10 Il principio della delega

Il pervertimento dei principi, delle idee, delle ideologie, ha trovato una sintesi operativa nel pervertimento generale del principio della rappresentanza, della delega. Tale perversione deriva e si riallaccia alle teorie elitarie della democrazia e alla concezione stessa dell'attività politica, anche tramite moduli comportamentali. Sembra infatti esistere una tendenza comportamentale innata da parte degli eletti di mantenersi comunque al potere. Economicamente questa tendenza si è sposata con una interpretazione arbitraria della politica keynesiana nei suoi aspetti creativi di debito pubblico, nel senso che la classe politica dirigente tende a farsi prestare soldi dalle generazioni future, soldi che verranno spesi in opere pubbliche aventi prevalentemente la funzione di garantirsi la rielezione. Questa può perfino divenire una politica seria e popolare: se si riesce a costruire il benessere sociale sui debiti che pagheranno le generazioni future, la tentazione può essere forte per tutte le componenti sociali. Non è necessario essere un economista per rendersi conto della pericolosità di questa politica.
Ora una delle caratteristiche della delega, dell'elezione di diciamo un parlamento, è la sua limitazione temporale. Ma la politica suddetta riesce a sfuggire a tale limitazione. Come si vede il problema non ha nessuna inquadratura ideologica, ma ha profonde implicazioni etiche. In altre parole è giusto godere di un benessere basato su una ricchezza che dovrà essere rimborsata dalle generazioni future?
Tutto ciò è solo un esempio di dove può condurre l'assenza di controllo sull'attività della classe politica dominante. Eppure ci si è scannati, e ci si scanna, su una questione secondaria come la scelta di chi deve far parte della classe politica dominante, e financo di chi deve far parte della classe politica di opposizione, questo basandosi sul principio che la politica sia essenzialmente lotta per il potere. La politica dovrebbe essere invece essenzialmente controllo di chi detiene il potere, controllo che chi detiene il potere non faccia sciocchezze.
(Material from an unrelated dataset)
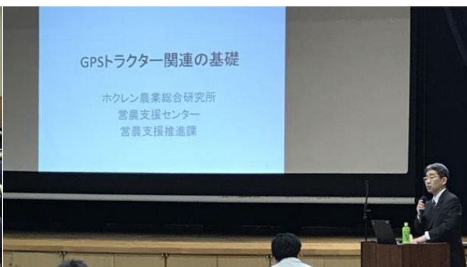
「研修会のポイント」を説明する苫小牧支所荘司室長
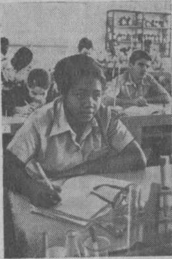
В. И. Ленина. Он включает в себя более 20 современных учебных зданий.

лаборатории, общежития, помещения для отдыха и занятия спортом. Здесь созданы все условия для учебы: лингафонные кабинеты, физические и биологические лаборатории, полученные в дар от Советского Союза, удобные классные комнаты, производственные мастерские. Сейчас в школе около 4,5 тысяч учащихся. Они сочетают учебу с общественно полезным трудом.

Una forma infantile di soluzione al problema è stata data col rifiuto della delega, colla concezione volgare dell'anarchia come rifiuto del potere statale. Questa appare come una risposta irrazionale a una situazione intollerabile di assenza di controllo del potere politico.
Ma il principio stesso della delega è inconciliabile coll'idea che la politica sia lotta per il potere. Se la maggioranza di una comunità esprime, attraverso libere elezioni, una maggioranza parlamentare, che lotta per il potere deve mai fare questa maggioranza, visto che per definizione la maggioranza governa? Ritorniamo insomma al punto di fondo: la lotta politica è lotta per il potere nel momento in cui i cittadini sono chiamati a eleggere i vari candidati, e questo fatto opprime, maschera, occulta il principio che le elezioni sono fondamentalmente un giudizio sull'attività svolta sulla base di una delega data quattro o cinque anni prima. Certo c'è anche una scelta per il futuro, ma tale scelta non può far dimenticare il necessario giudizio sul passato.
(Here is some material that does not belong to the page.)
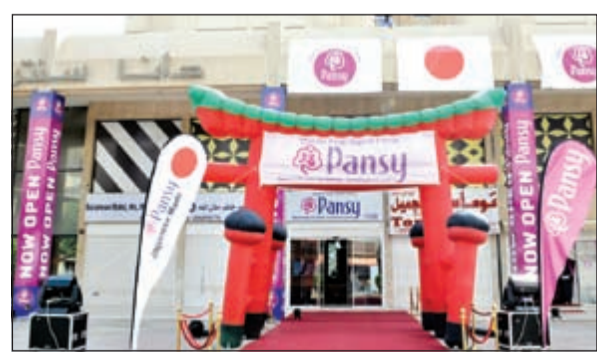
فرع «بانسي» في مجمع دانا سنتر بمنطقة السالمية

ويعد افتتاح الفرع الأول بمجمع دانا سنتر بمنطقة السالمية في خطوة التوسع والانتشار التي وضعتها شركة الكخبان الكويتية الوكيل الحصري لأحذية بانسي في الكويت والتي سينبعا خطوات أخرى أكبر لتشمل السوق الكويتي وجميع أرجائه، حيث تعول إدارة الشركة على أهمية السوق الكويتي المحلي كخطوة أولى للتوسع في السوق الإقليمية، وبهذا الافتتاح المميز تكون قد وضعت أولى خطواتها في طريق النجاح.

E' necessario insistere sul fatto che non ci troviamo di fronte a una questione concettuale accademica, ma che si tratta invece della caratteristica fondamentale della democrazia, cioè il controllo e l'equilibrio dei poteri. Il passaggio da un sistema elettorale che consiste nella conta aritmetica dei membri delle varie fazioni, a un sistema elettorale che consente un giudizio positivo o negativo della passata gestione, restituisce al principio della delega la sua vera funzione, che è quella di delega a governare e non a lottare per governare.
Cosa è accaduto in Italia? Le elezioni-conta dei membri delle varie fazioni hanno dato agli elettori l'illusione di avere qualcuno che sarebbe stato alfiere delle loro idee in parlamento, ma in realtà tale delega è stata necessariamente pervertita nella lotta per il potere; l'associazione delle fazioni che è riuscita a vincere la lotta per il potere non ha rappresentato nessuna delle fazioni originali, si è fatta portatrice di una specie di auto-delega che si è auto-concessa in bianco, è sfuggita al controllo successivo attraverso lo stesso meccanismo elettorale di conta aritmetica delle fazioni. Nessuna delle fazioni originali era responsabile delle decisioni del governo di coalizione, nessuno era responsabile di niente fuorché della propria ideologia. Ovviamente ci sono state anche altre cause, ma è chiaro per tutti che il sistema elettorale proporzionale ha perlomeno favorito questo stato di cose.
La correzione del sistema proporzionale non sembra in grado di influire molto sul principio culturale ed etico della definizione stessa del termine politica. Cioè fin che la politica è concepita come lotta per il potere, e le elezioni come delega per tale lotta, non sembra possibile uscire dalla situazione di occultamento delle elezioni come momento di controllo. Naturalmente la politica è anche lotta per il potere, è anche lotta per ottenere il consenso popolare, è anche lotta di idee, è anche inventiva e capacità di progettare, ma è soprattutto controllo del potere politico da parte di chi gli ha dato la delega. E' pertanto intollerabile che la politica tenti di essere anche l'elaborazione di meccanismi perversi atti ad evitare tale controllo.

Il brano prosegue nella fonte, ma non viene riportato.